Task to carry out: Give back all of the data exactly as it stands, with the pictures removed.
** Data excerpt follows **
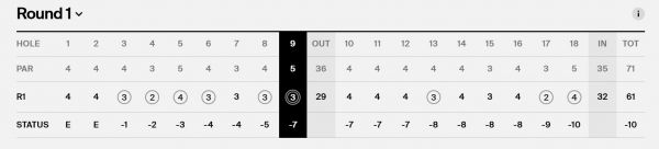 셰플러는 평균 드라이브 305.8야드, 최장타 322야드를 날리고, 페어웨이 안착률은 71.43%(10/14), 그린적중률 83.33%(15/18), 스크램블링 100%(3/3), 그린적중시 홀당 퍼트수는 1.40개를 기록했다.
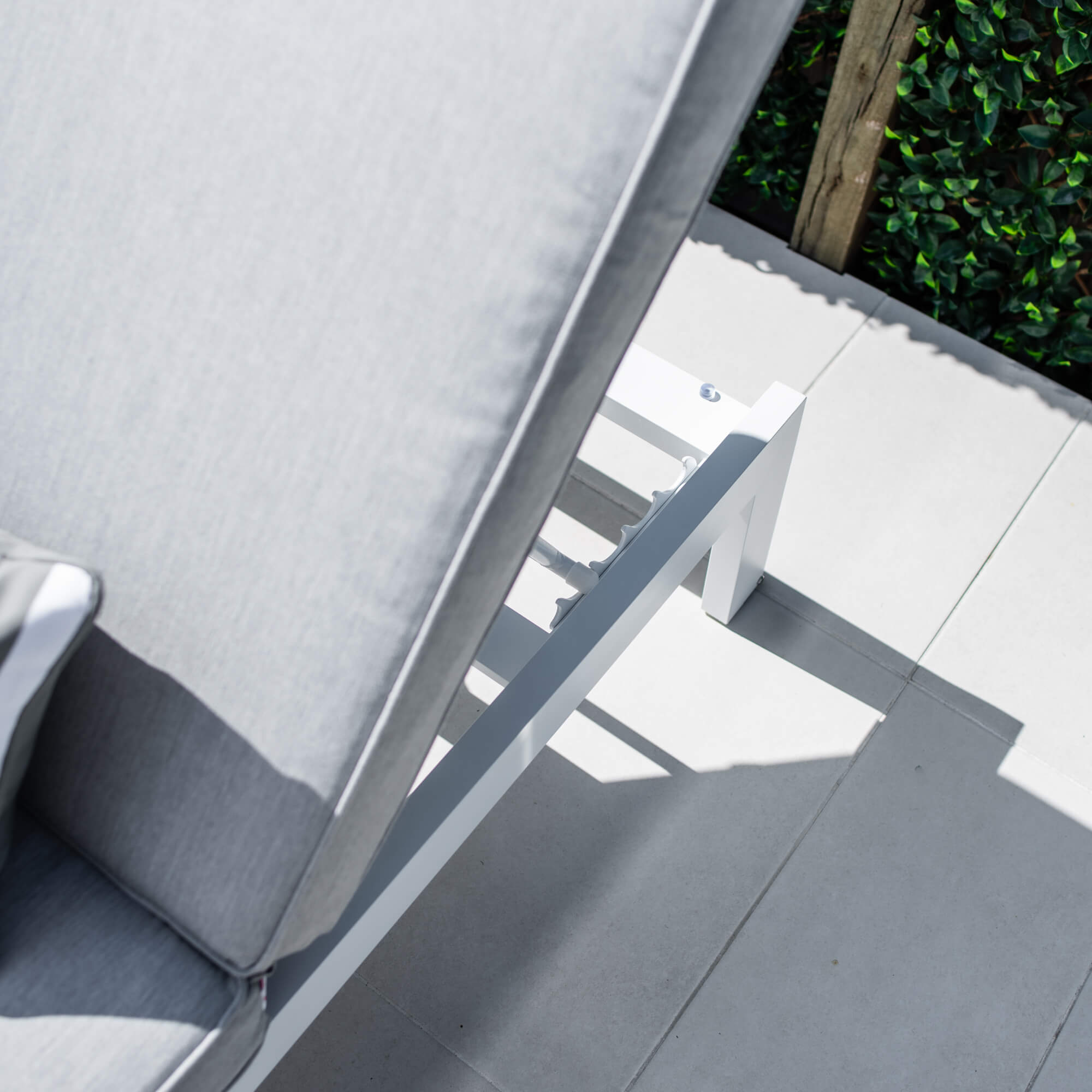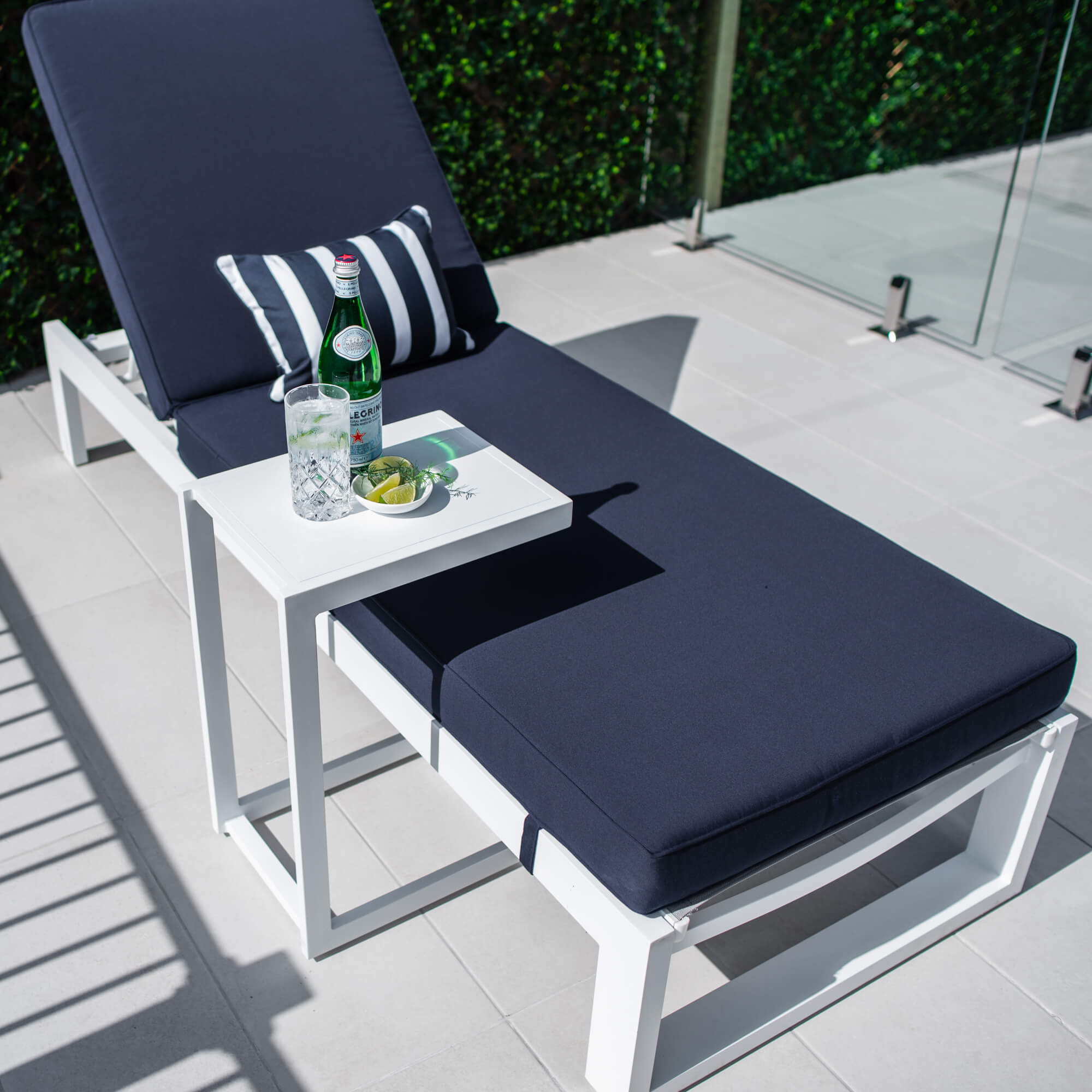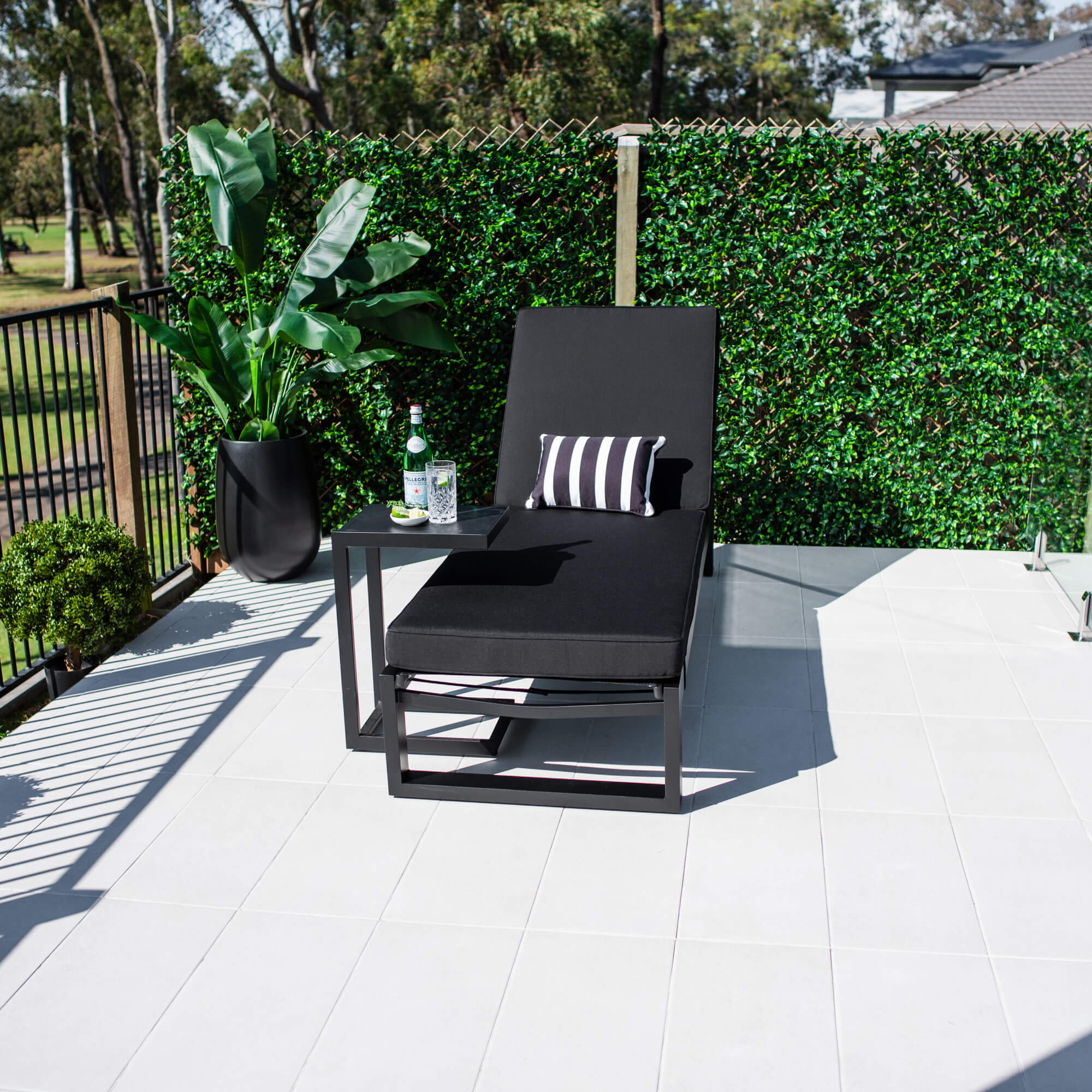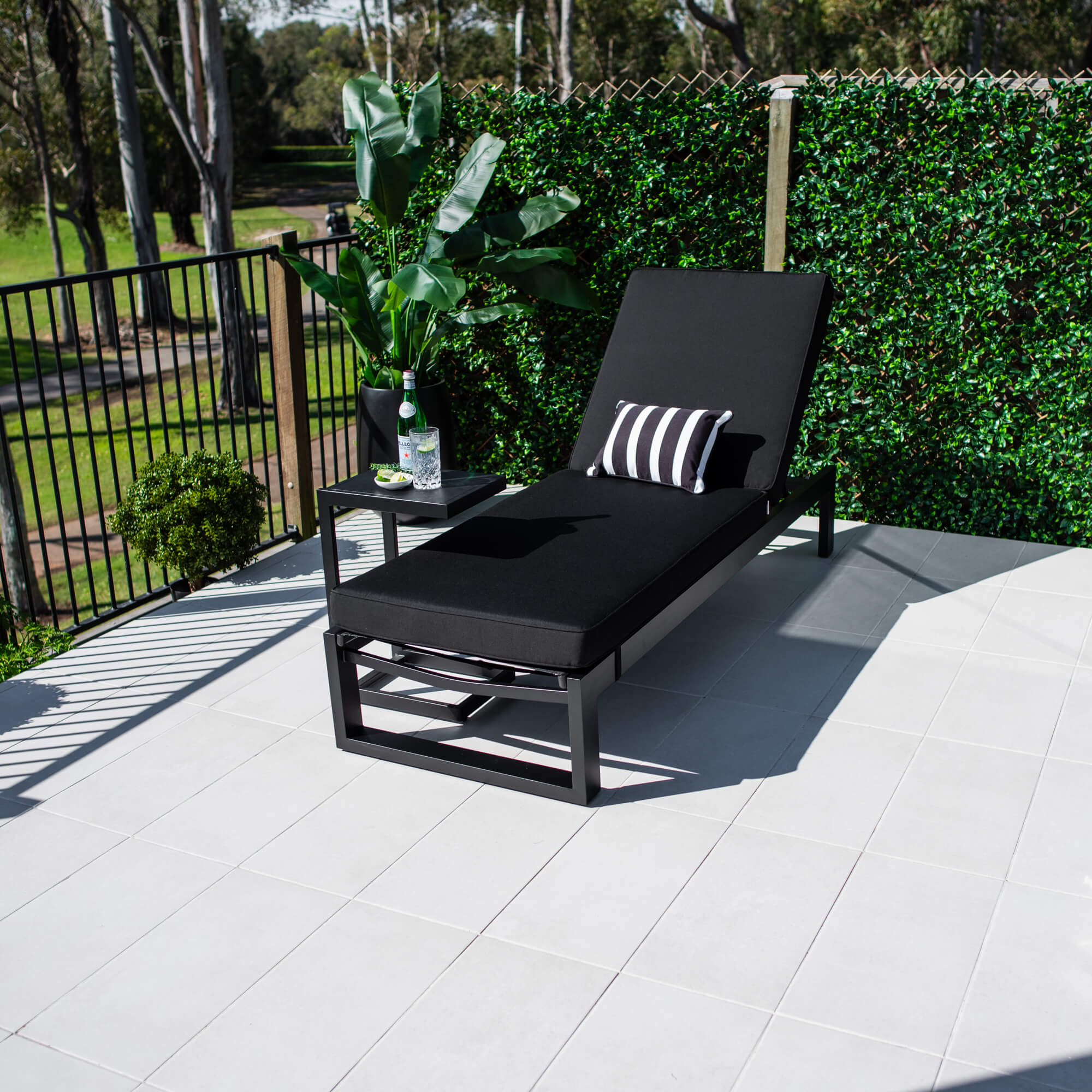 The Milan Sun Lounge is one of our best selling lounges for quality and style with the contemporary, squared design. Crafted with Power Coated Aluminium frames and a Textilene Sling, the sun lounge is fully welded with an adjustable back to change the height of the headrest. This package pairs the Milan sun lounge with our Menzin C-Shaped Side Table, and sunbrella sun lounge cushion.
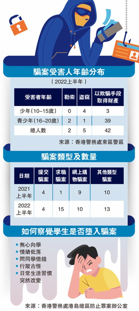 鄺子銳又指,2022年上半年主要涉及青少年受害者的案件類型包括勒索、盜竊和以欺騙手段取得財產等。當中,被他人欺騙而損失錢財的10至20歲受害者則高達42名,較去年有明顯上升。從欺騙手段細分,求職騙案由去年的1宗增至15宗,其次為網上購物騙案及援交騙案,各發現10宗和4宗。
** End of Data excerpt **
Finished task:
 셰플러는 평균 드라이브 305.8야드, 최장타 322야드를 날리고, 페어웨이 안착률은 71.43%(10/14), 그린적중률 83.33%(15/18), 스크램블링 100%(3/3), 그린적중시 홀당 퍼트수는 1.40개를 기록했다.
 The Milan Sun Lounge is one of our best selling lounges for quality and style with the contemporary, squared design. Crafted with Power Coated Aluminium frames and a Textilene Sling, the sun lounge is fully welded with an adjustable back to change the height of the headrest. This package pairs the Milan sun lounge with our Menzin C-Shaped Side Table, and sunbrella sun lounge cushion.
 鄺子銳又指,2022年上半年主要涉及青少年受害者的案件類型包括勒索、盜竊和以欺騙手段取得財產等。當中,被他人欺騙而損失錢財的10至20歲受害者則高達42名,較去年有明顯上升。從欺騙手段細分,求職騙案由去年的1宗增至15宗,其次為網上購物騙案及援交騙案,各發現10宗和4宗。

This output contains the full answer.